The manifest already points the manager (and its OPERATOR_IMAGE, used for snapshot/restore Pods) at ghcr.io/cozystack/etcd-operator:$VERSION — the same tag whose image the release published, so there is nothing to substitute.

If you split CRDs from the rest (e.g. CRDs are applied by a separate cluster-admin step, or server-side-applied to dodge the annotation size limit):

kubectl apply --server-side -f https://github.com/cozystack/etcd-operator/releases/download/$VERSION/etcd-operator.crds.yaml
kubectl apply             -f https://github.com/cozystack/etcd-operator/releases/download/$VERSION/etcd-operator.non-crds.yaml

The image is cosign-signed (keyless). To verify before deploying:

cosign verify ghcr.io/cozystack/etcd-operator:$VERSION \
  --certificate-identity-regexp 'https://github.com/cozystack/etcd-operator/.github/workflows/.+' \
  --certificate-oidc-issuer https://token.actions.githubusercontent.com

To pull a prebuilt image without the release manifests (e.g. to feed your own overlay), the image ref is ghcr.io/cozystack/etcd-operator:<tag>.

Install with Helm

Helm is the primary install path: the chart is the single source of truth for the CRDs, RBAC, and the manager Deployment (the release manifests below are just helm template of this same chart). Tagged releases publish it as an OCI Helm chart to GHCR (ghcr.io/cozystack/charts/etcd-operator), versioned from the same tag — the chart version is the tag without the leading v, and appVersion keeps the v. The CRDs are generated straight into the chart and templated into the release.

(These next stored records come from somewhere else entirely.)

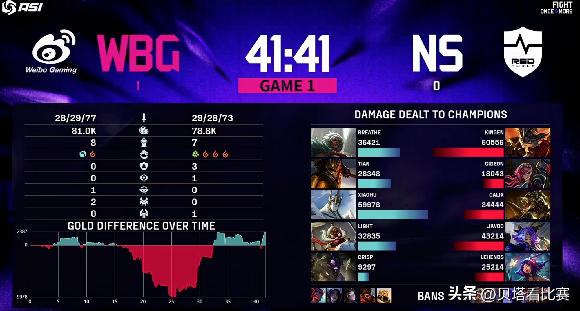 Mid-game, a skirmish broke out top lane, where Kingen’s Rumble ultimate split the fight and Jiwoo’s Yuumi dealt massive damage. NS secured a 3-for-0 trade, though Tian’s Jarvan stole the Rift Herald. At 25 minutes, WBG initiated Baron, but NS’s Renekton killed Light’s Aphelios. Despite WBG taking the first Baron, Lehends’ Neeko started a fight that led to NS wiping out WBG. At 28 minutes, NS secured the dragon soul. Later, at 32 minutes, a river fight saw Breathe’s Aphelios dive onto Jiwoo’s Yuumi, with Xiaohu’s Galio ultimate joining in and Tian’s Jarvan ult hitting three players. WBG wiped NS and claimed their second Baron. Finally, at 40 minutes during the Elder Dragon fight, Lehends’ Neeko engaged and ulted four players, but Breathe’s Aphelios targeted Jiwoo’s Yuumi. After a 1-for-1 exchange, NS took the Elder Dragon, but Xiaohu’s Galio performed flawlessly, enabling WBG to pull off a miraculous team wipe and secure the first game win. The highest damage dealer in game one was Kingen’s Rumble, with Xiaohu’s Galio leading damage for WBG.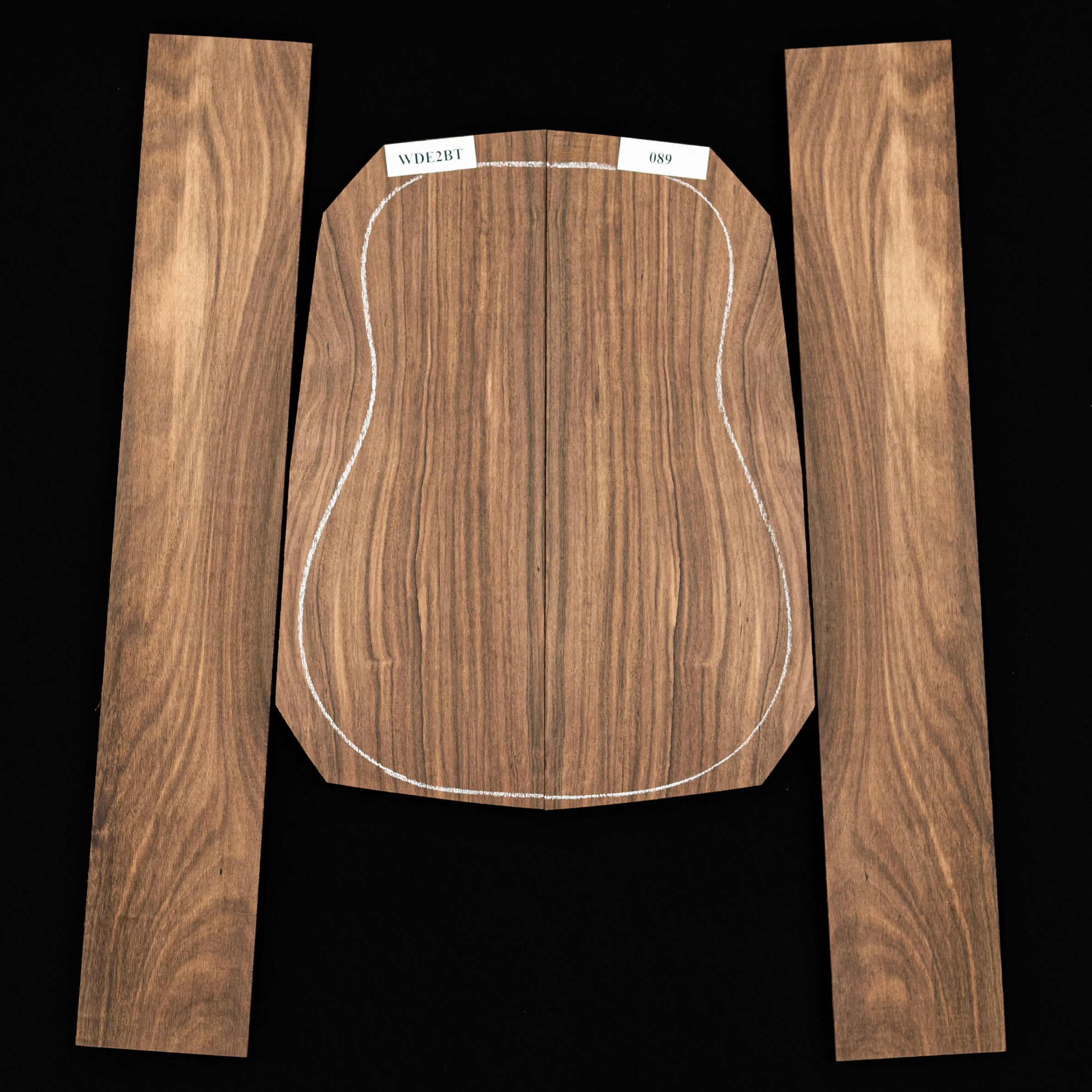 Malaysian Blackwood is heavy and can be brittle across the grain so care should be taken to prevent cracking. It bends relatively easily and machines very cleanly with conventional methods. We also recommend using epoxy vs. hide glue or traditional wood glues to join the back plate.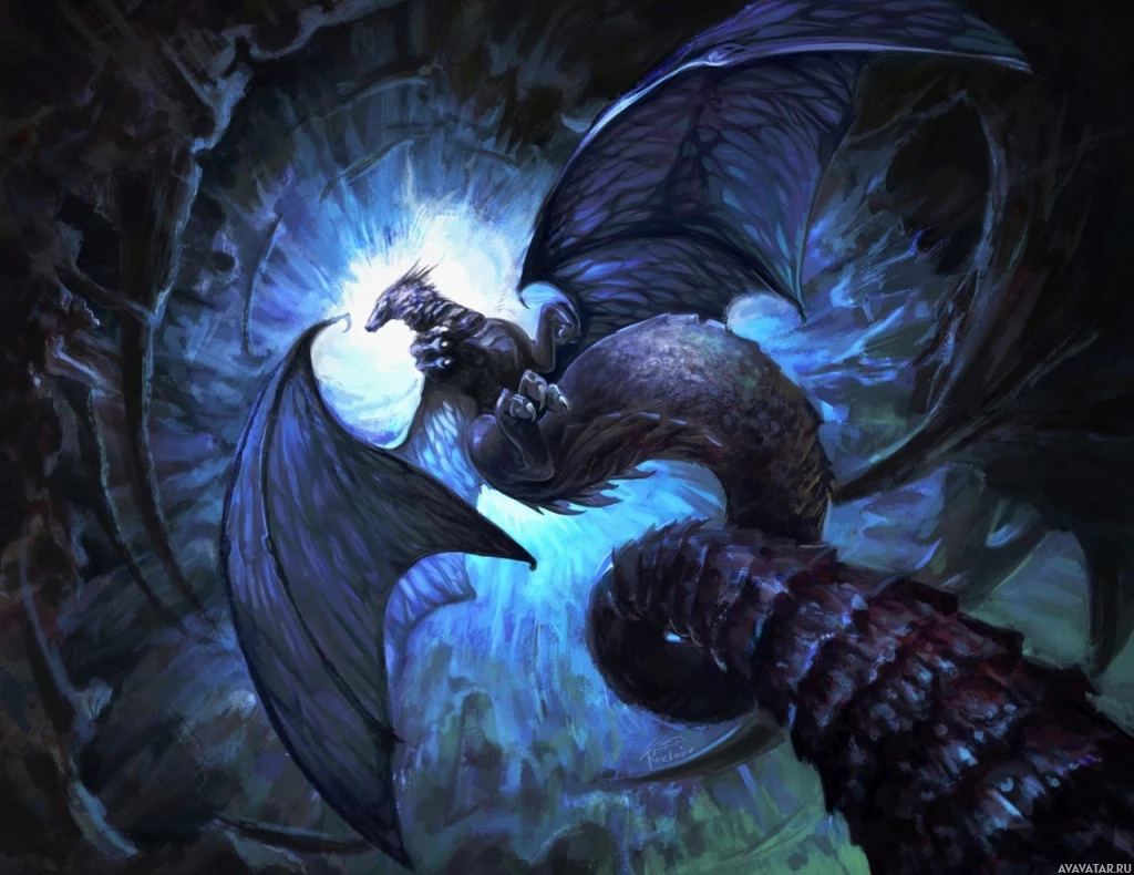 a mystical atmosphere, possibly indicating that they are engaged in some sort of battle or confrontation within a magical or mythological setting. The artwork is detailed, showcasing elements of fantasy art and dragon-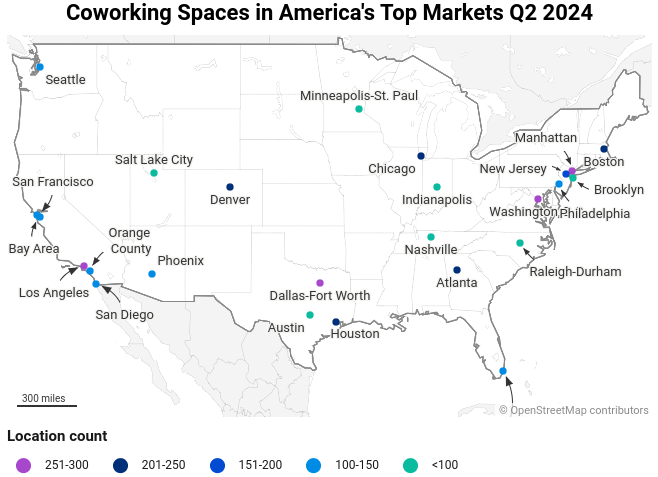 Nationally, the stock of coworking spaces increased 7% in the second quarter, rising to 7,041 locations. By square footage, total coworking space rose 2% to 127.7 million square feet, while the average square feet per location slid 4% to 18,133 square feet.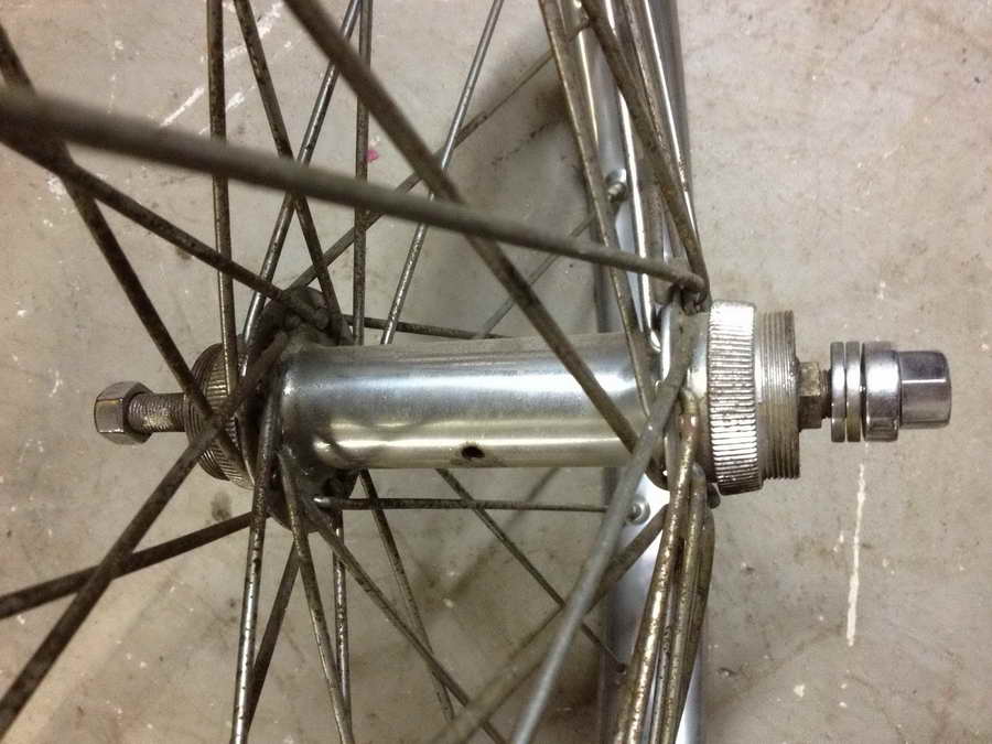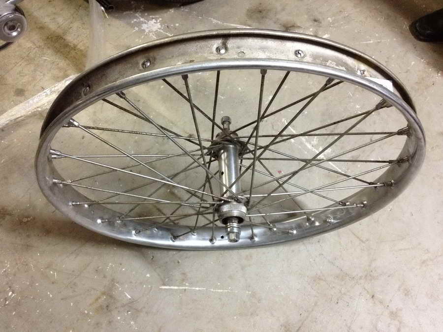 Speedway rear wheel to swop for 1925/26 CW wheel in similar condition. Note that the hub has provision for reversing the wheel once tyre is worn on one side so the hub has two sprocket mounts.

# Chart version == release tag without the leading 'v'
# (see https://github.com/cozystack/etcd-operator/releases).
VERSION=0.5.0

helm install etcd-operator oci://ghcr.io/cozystack/charts/etcd-operator \
  --version "$VERSION" \
  --namespace etcd-operator-system --create-namespace

By default the chart pulls ghcr.io/cozystack/etcd-operator:<appVersion> — the image that same release published — so a stock install has nothing to substitute. The chart wires that ref into both the manager's image: and its OPERATOR_IMAGE env var (the image launched for snapshot/restore Pods); the two must be identical, and the chart keeps them equal for you. Override the image via image.repository / image.tag and both follow.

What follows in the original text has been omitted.